Si le gouvernement n’a pas prévu de reconnaissance faciale dans son projet de loi sur les JO de 2024, des amendements de parlementaires tentent de l’ajouter.

Officiellement, il n’est pas prévu d’inclure de la reconnaissance faciale à des fins de sécurité lors des Jeux Olympiques à Paris en 2024. Le gouvernement s’y est engagé et le projet de loi ne contient pas de disposition de la sorte (il est prévu une analyse comportementale de la foule via des algorithmes pour déceler des situations atypiques, néanmoins). Mais cette piste pourrait très bien revenir par la fenêtre.

Le risque d’un amendement

C’est la crainte exprimée par Marie-Laure Denis, la présidente de la Commission nationale de l’informatique et des libertés (Cnil). Elle a profité de son passage sur France Info le 24 janvier pour appeler les parlementaires à suivre la voie tracée par l’exécutif, en s’abstenant de déposer des amendements instaurant la reconnaissance faciale en France, même pour les JO.

« Les membres du collège de la Cnil appellent les parlementaires à ne pas introduire de la reconnaissance faciale, c’est-à-dire de l’identification des personnes à la volée dans l’espace public. L’espace public est un lieu où s’exercent de nombreuses libertés publiques, liberté de manifestation, de culte et autres », a déclaré Marie-Laure Denis.

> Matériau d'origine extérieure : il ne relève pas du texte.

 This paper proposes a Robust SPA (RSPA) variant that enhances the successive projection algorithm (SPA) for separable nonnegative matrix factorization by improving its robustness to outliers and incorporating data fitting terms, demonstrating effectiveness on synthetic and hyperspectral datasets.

Les caméras de sécurité sont des objets connectés vulnérables. // Source : Unsplash
La reconnaissance faciale profiterait du réseau de caméras de vidéosurveillance. // Source : Unsplash

L’autorité de protection des données personnelles a des raisons de se méfier de ce qui peut se passer à l’Assemblée nationale et du Sénat. Rien n’empêche un élu de tenter de glisser un amendement au projet du loi du gouvernement, que ce soit en commission ou en séance plénière, pour demander l’instauration d’un tel dispositif en France. Et d’ailleurs, ça s’est déjà produit.

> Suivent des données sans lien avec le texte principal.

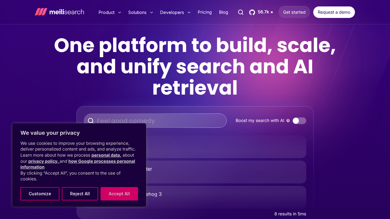 Meilisearch is a flexible and powerful open-source search engine designed for seamless integration into any website or application. It offers lightning-fast search-as-you-type functionality, delivering results in under 50 milliseconds, significantly improving user experience. Unlike traditional search solutions, Meilisearch provides out-of-the-box relevancy and supports features like geosearch, faceting, and hybrid search (combining full-text and semantic search) for more comprehensive results. It distinguishes itself through its ease of deployment, smart presets, and a focus on developer experience. This platform benefits developers, e-commerce businesses, media outlets, and enterprises seeking to enhance their search capabilities and provide users with relevant and efficient information retrieval.
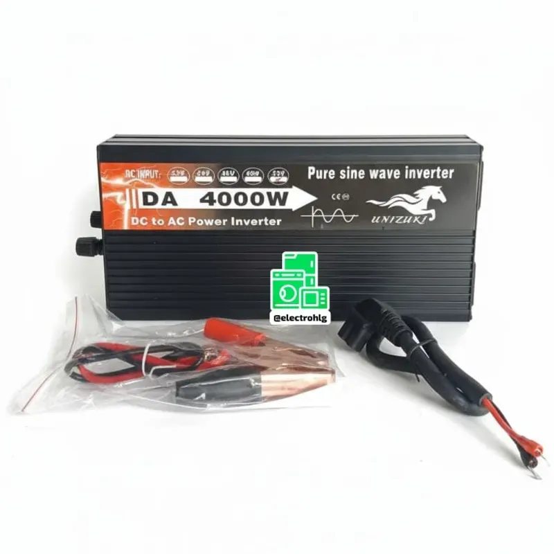 • Marca: UNIZUKI • Onda Senoidal Pura • Para baterías de litio de 72V • Puede ponerlo al toma por donde carga la motorina o triciclo • Puede con todos los equipos 110V • Incluye cable para ponerlo a la motorina o triciclo • Este equipo tiene el desempeño de una planta grande y es varias veces más potente que los inversores de 12V o 24V que se conectan a las baterías del carro • Sin garantía, se le prueba al cliente

En commission des lois du Sénat, la sénatrice Jacqueline Eustache-Brinio, membre des Républicains, a cosigné un amendement soutenu par d’autres membres de sa formation politique pour mettre en œuvre des traitements de données biométriques « pour les besoins des contrôles d’accès aux lieux d’accueil du public et aux moyens de transports. »

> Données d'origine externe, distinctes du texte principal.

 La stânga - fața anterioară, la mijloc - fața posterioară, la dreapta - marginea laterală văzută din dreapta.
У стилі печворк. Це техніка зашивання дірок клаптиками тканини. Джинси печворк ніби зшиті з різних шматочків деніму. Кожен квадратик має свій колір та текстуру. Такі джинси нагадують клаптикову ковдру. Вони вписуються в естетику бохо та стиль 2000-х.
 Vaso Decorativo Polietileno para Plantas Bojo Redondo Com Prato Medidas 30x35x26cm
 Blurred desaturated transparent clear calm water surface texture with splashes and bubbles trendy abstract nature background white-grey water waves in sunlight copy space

La disposition a toutefois été écartée au cours des débats, mais rien ne dit que des élus ne reviendront pas à la charge. Un autre amendement « peut revenir », a ainsi prévenu la présidente de la Cnil. Et d’ailleurs, « il y en a un autre qui a été redéposé dans le cadre de la séance publique ». Et même si le Sénat n’introduit pas ladite mesure, il reste l’Assemblée nationale.